What is being asked:
No pictures belong in the result; set down exactly the lines from the one containing "The card consists" through the final line of the listing, and nothing more.

====

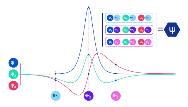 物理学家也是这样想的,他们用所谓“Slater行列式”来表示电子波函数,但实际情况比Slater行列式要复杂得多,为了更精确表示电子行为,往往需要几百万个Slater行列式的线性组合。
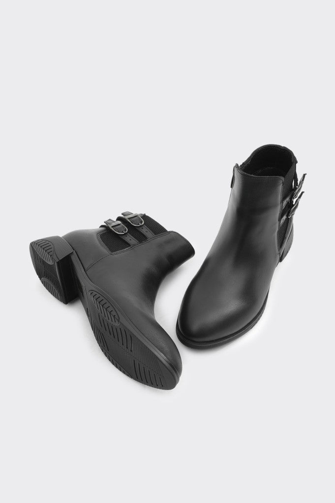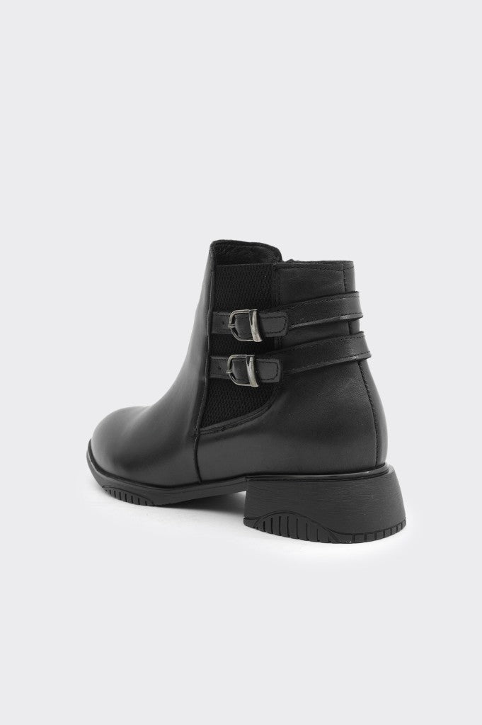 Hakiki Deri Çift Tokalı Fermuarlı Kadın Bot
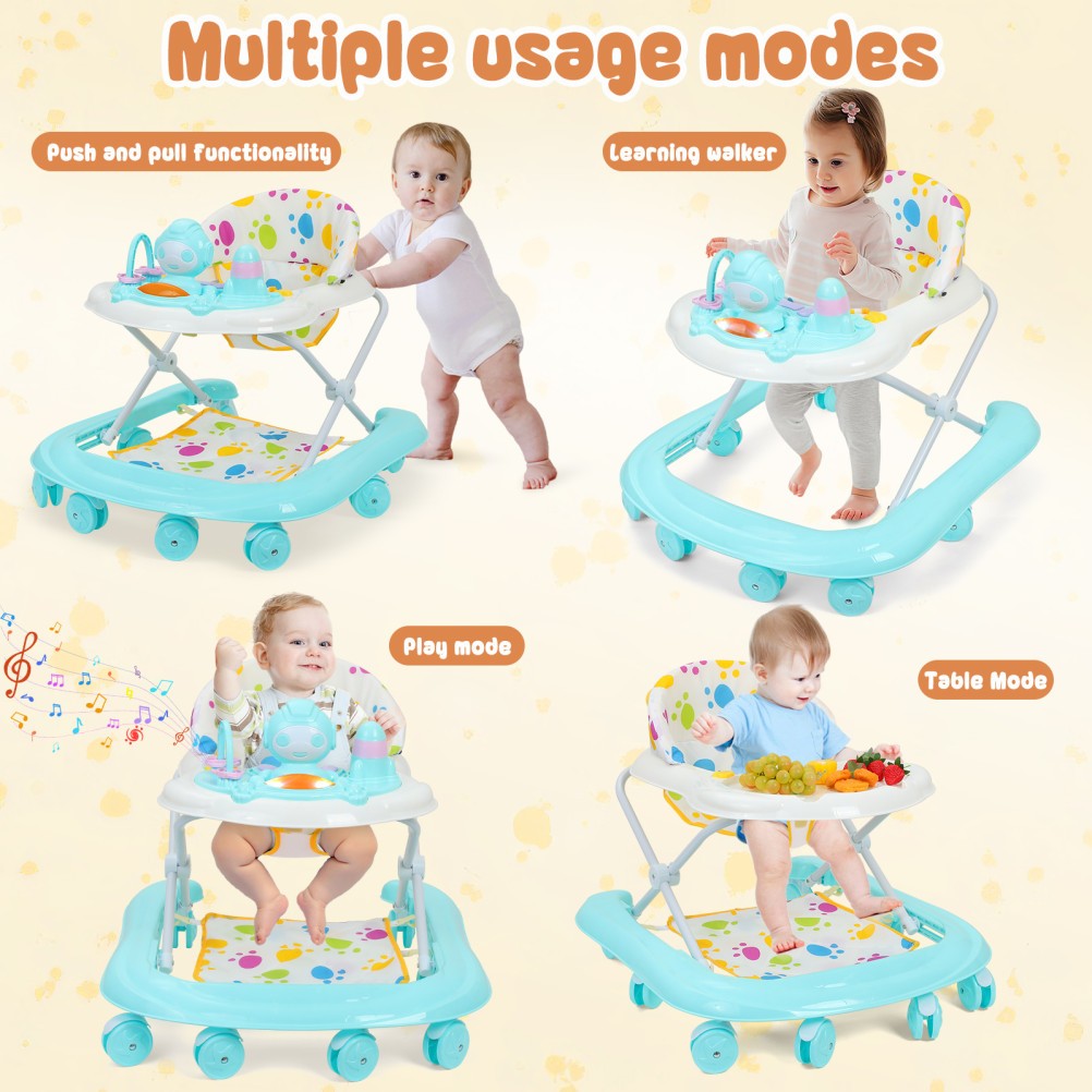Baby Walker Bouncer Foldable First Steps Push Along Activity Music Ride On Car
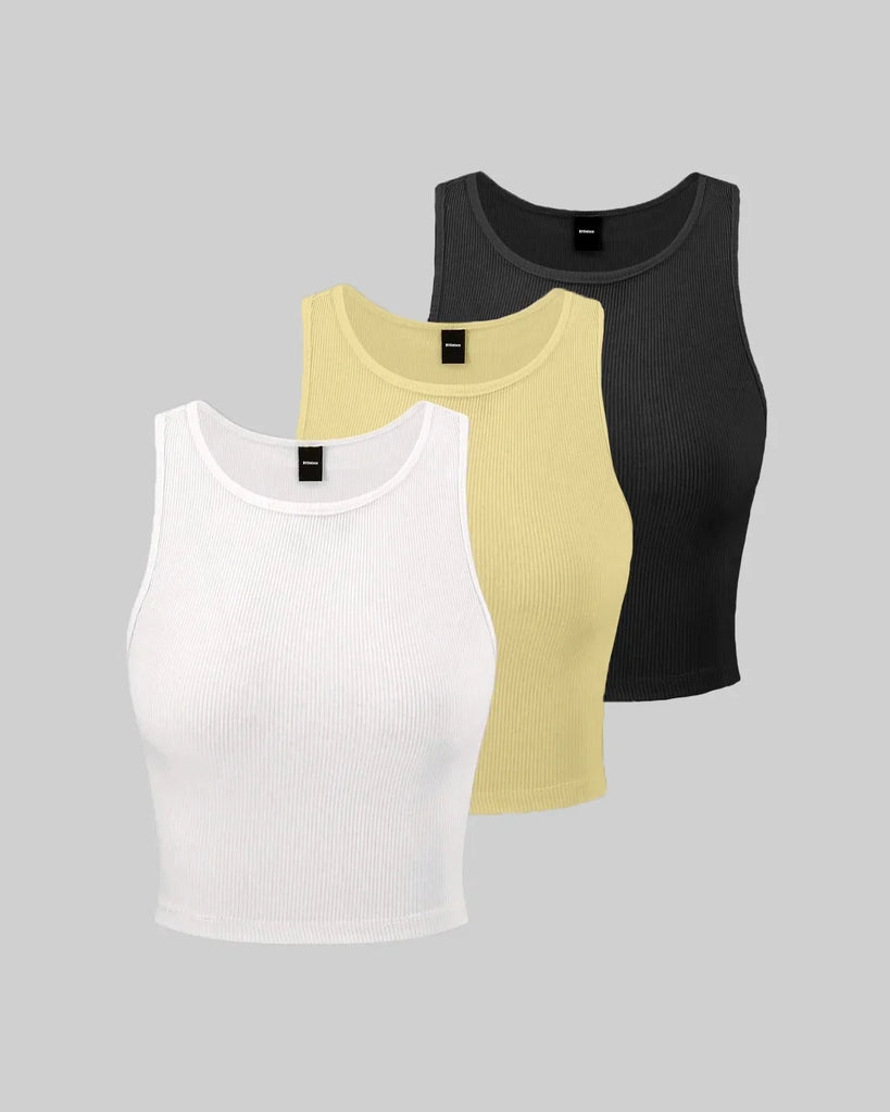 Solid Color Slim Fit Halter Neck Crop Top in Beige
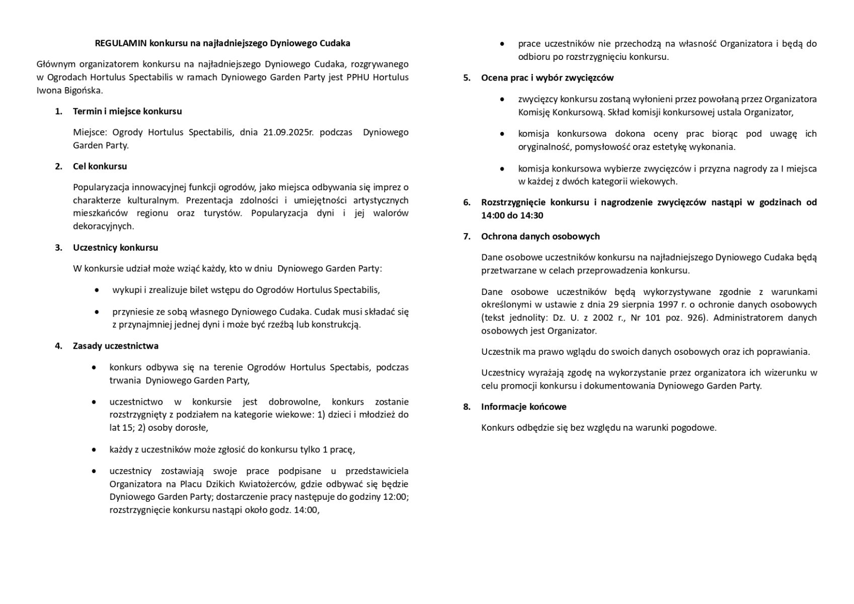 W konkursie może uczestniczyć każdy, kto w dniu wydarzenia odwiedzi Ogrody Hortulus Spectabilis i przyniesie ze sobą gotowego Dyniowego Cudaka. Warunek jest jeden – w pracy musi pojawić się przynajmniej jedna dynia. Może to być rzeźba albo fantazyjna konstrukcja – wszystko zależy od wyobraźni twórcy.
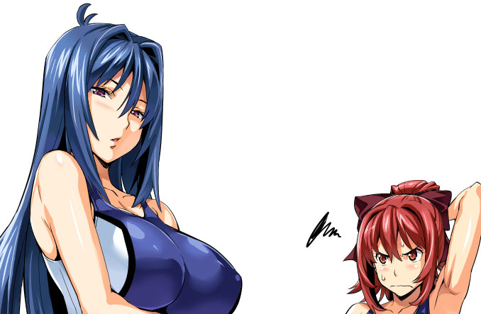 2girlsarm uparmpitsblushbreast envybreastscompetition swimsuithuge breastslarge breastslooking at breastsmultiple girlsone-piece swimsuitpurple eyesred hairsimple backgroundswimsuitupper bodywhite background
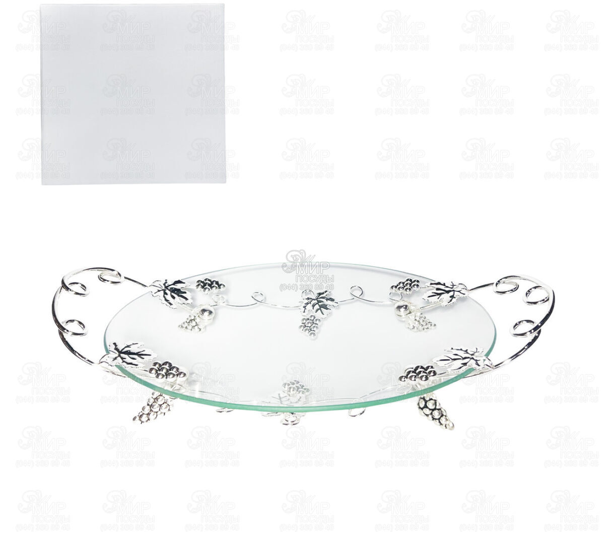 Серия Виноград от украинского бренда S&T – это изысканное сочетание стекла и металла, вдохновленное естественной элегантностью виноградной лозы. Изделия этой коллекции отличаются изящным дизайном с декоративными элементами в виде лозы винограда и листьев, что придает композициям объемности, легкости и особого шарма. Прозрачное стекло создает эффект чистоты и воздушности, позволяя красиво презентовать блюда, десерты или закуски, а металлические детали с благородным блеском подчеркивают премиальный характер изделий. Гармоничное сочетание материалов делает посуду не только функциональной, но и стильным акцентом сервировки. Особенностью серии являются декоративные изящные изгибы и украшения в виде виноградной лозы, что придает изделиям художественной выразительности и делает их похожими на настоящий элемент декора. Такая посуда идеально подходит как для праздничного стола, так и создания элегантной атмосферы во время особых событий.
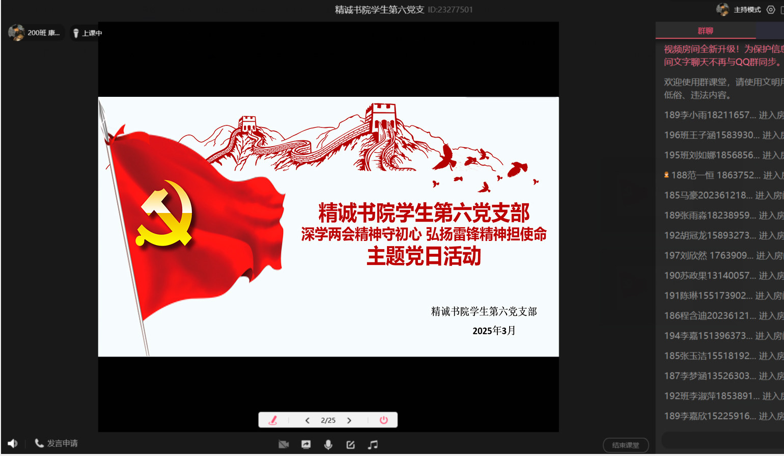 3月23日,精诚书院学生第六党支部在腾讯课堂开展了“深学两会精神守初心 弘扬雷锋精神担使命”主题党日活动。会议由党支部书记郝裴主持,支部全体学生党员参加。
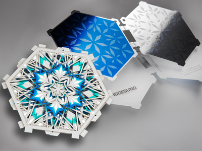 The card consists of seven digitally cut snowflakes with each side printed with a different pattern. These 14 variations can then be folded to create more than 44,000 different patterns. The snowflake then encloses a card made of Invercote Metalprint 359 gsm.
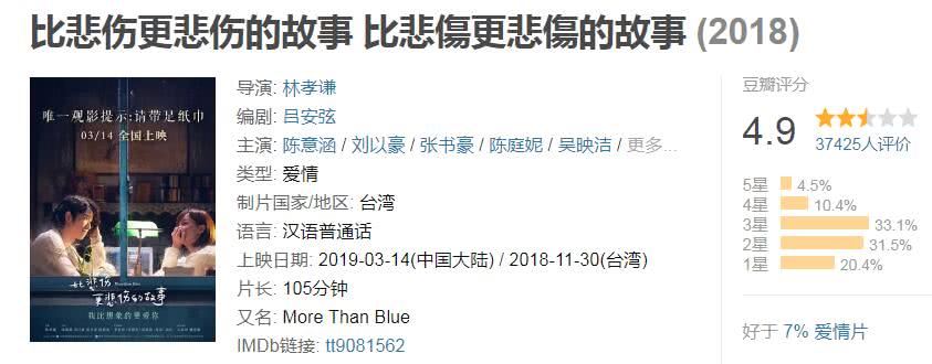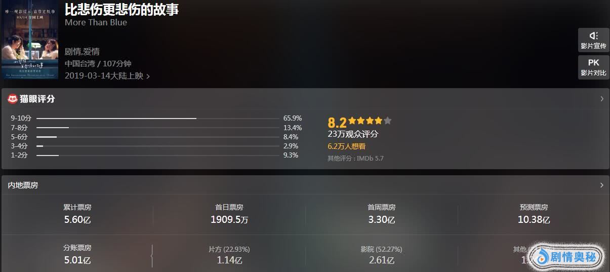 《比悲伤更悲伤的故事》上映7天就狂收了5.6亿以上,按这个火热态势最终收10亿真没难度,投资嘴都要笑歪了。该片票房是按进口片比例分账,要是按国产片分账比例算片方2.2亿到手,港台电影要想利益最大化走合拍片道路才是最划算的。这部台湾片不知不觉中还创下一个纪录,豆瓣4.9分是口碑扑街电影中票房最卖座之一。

====

Task solution:
 The card consists of seven digitally cut snowflakes with each side printed with a different pattern. These 14 variations can then be folded to create more than 44,000 different patterns. The snowflake then encloses a card made of Invercote Metalprint 359 gsm.
 《比悲伤更悲伤的故事》上映7天就狂收了5.6亿以上,按这个火热态势最终收10亿真没难度,投资嘴都要笑歪了。该片票房是按进口片比例分账,要是按国产片分账比例算片方2.2亿到手,港台电影要想利益最大化走合拍片道路才是最划算的。这部台湾片不知不觉中还创下一个纪录,豆瓣4.9分是口碑扑街电影中票房最卖座之一。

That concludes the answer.